Наконец решился Ксенес Рак, ведь он считался близким приятелем Шели и не раз с ним на разбой ходил. Поэтому он затянул задорную припевку так, чтобы все слышали:

Деньги получу – буду водку пить,

А вернусь домой – буду бабу бить.

– Чего это ты, Якуб, не пьешь? – спросил он.

– Пью. – Шеля потряс пивной кружкой, расплескав пену.

– Эх, да что это за пойло! Хорошо для баб и детей, но не для крепкого мужика.

– Не буду я Богушам карманы набивать.

– Э?

– Аль не знаете, что с каждой двадцатки, что мы за водку платим, по три крейцера берет пан?

– Ну, вроде так…

– Год выдался сами знаете каким – хреновым. Картошка и зерно грибком поражены, до Крещения мало что сохранится. Что тогда мы будем есть? Нужно будет в городе покупать, а цены подскочат. А кто в городе будет продавать? Да, паны. Через жидов, конечно, как всегда. И тот жалкий грош, что у пана заработаем, вернется в панский карман.
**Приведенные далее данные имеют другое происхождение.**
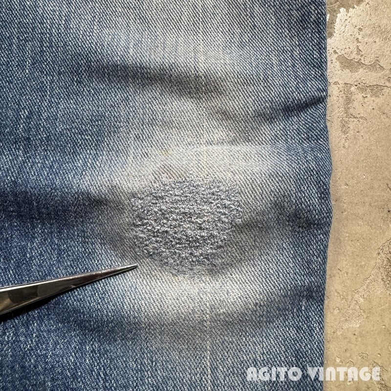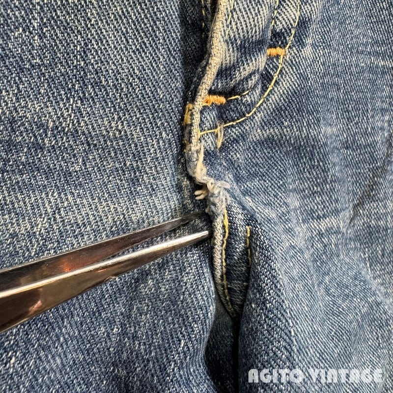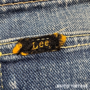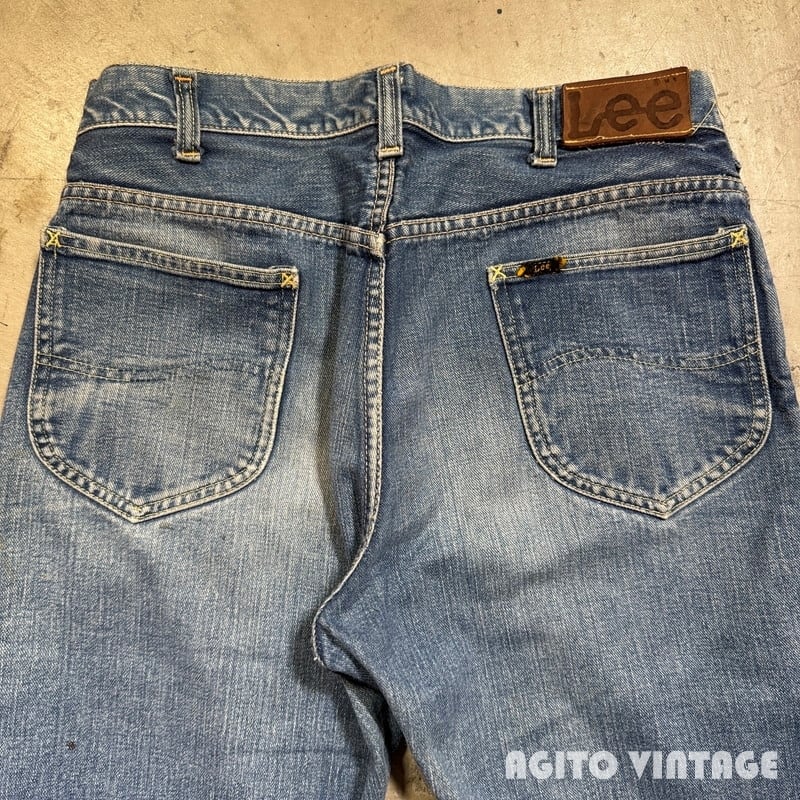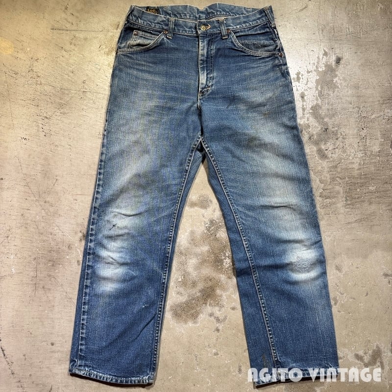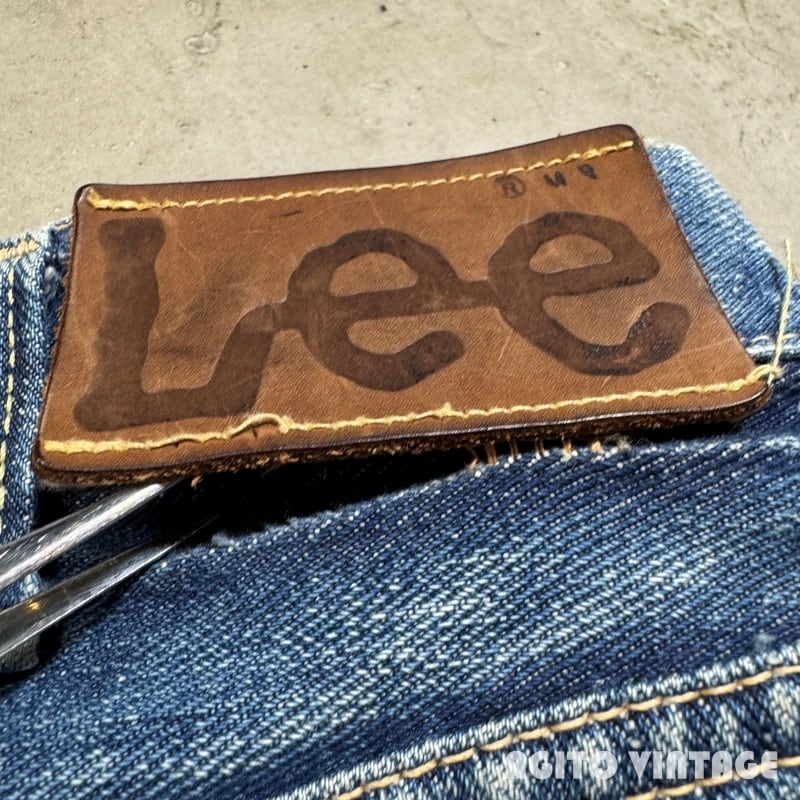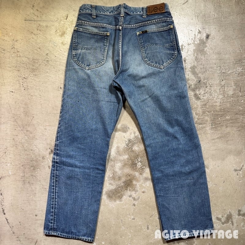 60年代のLee RIDERS 101Z デニムパンツです。101品番としては最終頃のサイド黒タグが付くモデルです。フロントはTALONのセミオートマチックジッパーが使用されており、アウトシームは脇割りです。バックポケット裏に当て布が付きます。色残りは4割程ですがバランスよく良い色落ちをした個体です。バックポケットのピスネームに擦れがありますが恐らくMR表記は入らないかと思われます。フロントのジッパー下部にステッチが飛んだ箇所がございます。レザーパッチ下部のステッチが半分程切れています。右膝に小さなダメージ、左ひざ下付近にリペアが施されています。その他細かな擦れ等ございますが目立つダメージは無く状態良好です。ウエスト表記はW33ですが実寸はW32インチです。レングスも長すぎないのでサイズが合う方も多いのではないでしょうか。生地もまだまだしっかりとしていますので長くご愛用頂けますのでお探しだった方は是非いかがでしょうか。

Пан на нас дважды наживется, а мы так и будем бедными и голодными, и хрен с этой работы получим.

– Такова хамская судьба, – робко заметил Рак. – Ничего не поделаешь, надо выпить. Чтоб не думать слишком много. Потому что от дум все несчастья и приключаются.

– Чушь, – осклабился Якуб. – А когда паны устроят восстание против Кайзера, а нас начнут резать и хаты жечь, ты тоже будешь пить, потому что такая, сука, судьба?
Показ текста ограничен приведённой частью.